Another important challenge, and one I believe our sector is tackling well, relates to maintaining economic activity levels, both to safeguard the normal supply of medicines and health products and to collaborate in economic stability and the strengthening of the industrial sector in general.

We have heard the major players call for greater public-private cooperation to guarantee fair access. How important is this?
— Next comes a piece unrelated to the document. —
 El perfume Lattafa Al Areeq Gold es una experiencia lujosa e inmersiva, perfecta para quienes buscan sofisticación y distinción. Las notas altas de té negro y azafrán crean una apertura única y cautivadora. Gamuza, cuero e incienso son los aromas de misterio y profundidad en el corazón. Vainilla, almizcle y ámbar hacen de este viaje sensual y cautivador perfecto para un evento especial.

As I pointed out before, if this crisis has highlighted something, it’s the need to work in a coordinated manner, joining forces across sectors, be they public or private, to find solutions. A good example of this is biomedical research and the strengthening of the research sector, which are more important than ever before. This is an especially relevant aspect for companies like Roche, a leader in biomedical R&D in Spain, where we invest more than 60 million euros in clinical research, which translates into nearly 300 clinical trials in hospitals with the participation of more than 16,000 patients. It is essential to maintain this activity during the current crisis, and for this reason Roche has been working for months now on a new premise driven by the impact of COVID-19, which will include telemedicine and the extended use of digital tools to numerous aspects of clinical research and healthcare activity that were previously carried out in person.

How are the big pharmaceuticals holding up agains this complex and as-yet uncontrolled situation?
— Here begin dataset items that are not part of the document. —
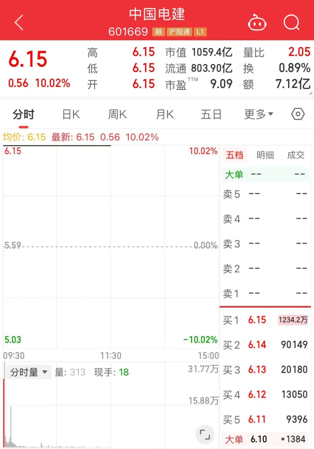 中国电建、华新水泥、中国能建、东方电气等龙头股继续涨停。其中,中国电建(601669)上午收盘涨停板仍有逾1200万手封单,最新市值为1059.4亿元。此外,海螺水泥、恒立液压、特变电工等龙头股大涨。
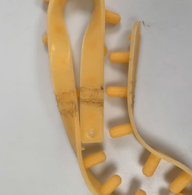 De pinnen van de strip braken in de bochten redelijk snel af. Dit was met name bij de neus en hak doordat ze in een scherpe hoek in de zool moeten. Dit werkte niet omdat ze van een hard materiaal waren gemaakt. Hierdoor buigen ze niet mee en komt er dus veel spanning op de montage plek. Met een kortere lengte pin ging het al beter, maar bleef het probleem aanwezig. Dit zou voorkomen kunnen worden met een flexibeler materiaal of een andere verbinding.
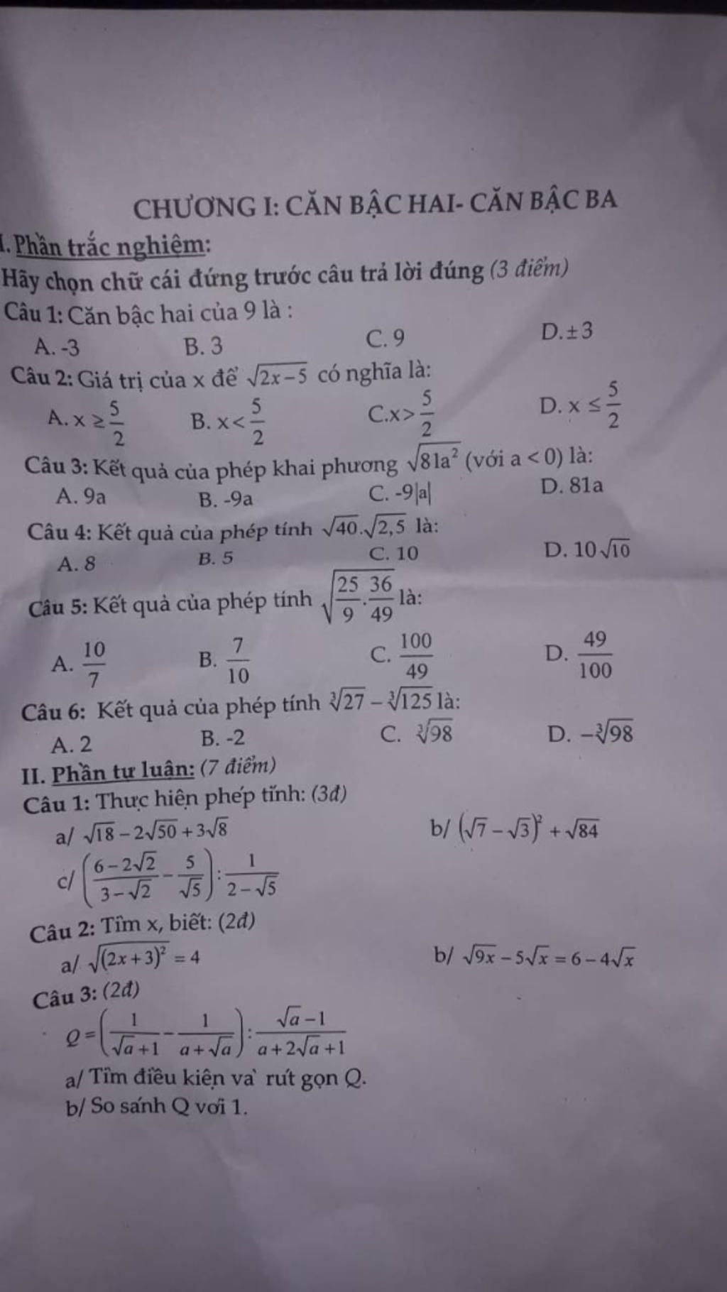 Câu 2: Giá trị của x để /2x-5 có nghĩa là:

There is no doubt that the pandemic has significantly accelerated the transformation in which our sector was already immersed, which had been driven by the increasing digitalization of the health system and by advancements in what we call the omics sciences – genomics, proteomics, for example. Both of these factors have opened the door to a new research model that translates into innovations that are increasingly framed within what we call personalized medicine, which at its heart is simply providing each patient with the treatment that best suits the particular molecular profile of the disease they are suffering from at the most opportune time.

The pharma sector is undergoing its own transformation and according to the latest studies, it has weathered the pandemic well. How do you see the future?

In terms of the process of research, development and making therapeutic innovations available to patients, the pandemic has spurred our sector on, and we are all adding even more efficiency to a process that was already efficient, and cutting deadlines wherever possible without impacting on patient safety, which is the absolute priority for us. If you think about it, in the space of just a few months, dozens of vaccine and antiviral projects are well under way, and there is already a wide range of diagnostic tests available. That indicates that the sector has picked up the gauntlet, and that it’s going to do everything possible in the future to find ways to solve this unprecedented global health problem, always in collaboration with health authorities around the world.

There is no doubt that the pandemic has significantly accelerated the transformation in which our sector was already immersed, which had been driven by the increasing digitalization of the health system and by advancements in what we call the omics sciences

 You play an essential role, providing care, managing operations and as first point of contact with society in terms of communication. How would rate the communication aspect?

I believe that this crisis has opened the eyes of many people and society at large to the enormous value that the pharmaceutical sector adds to their quality of life. And I say that not only in terms of offering possible solutions in record time but also in terms of our capacity to act as an indispensable collaborator within the health system, as a promoter of research and as an economic driver that brings talent and innovation together.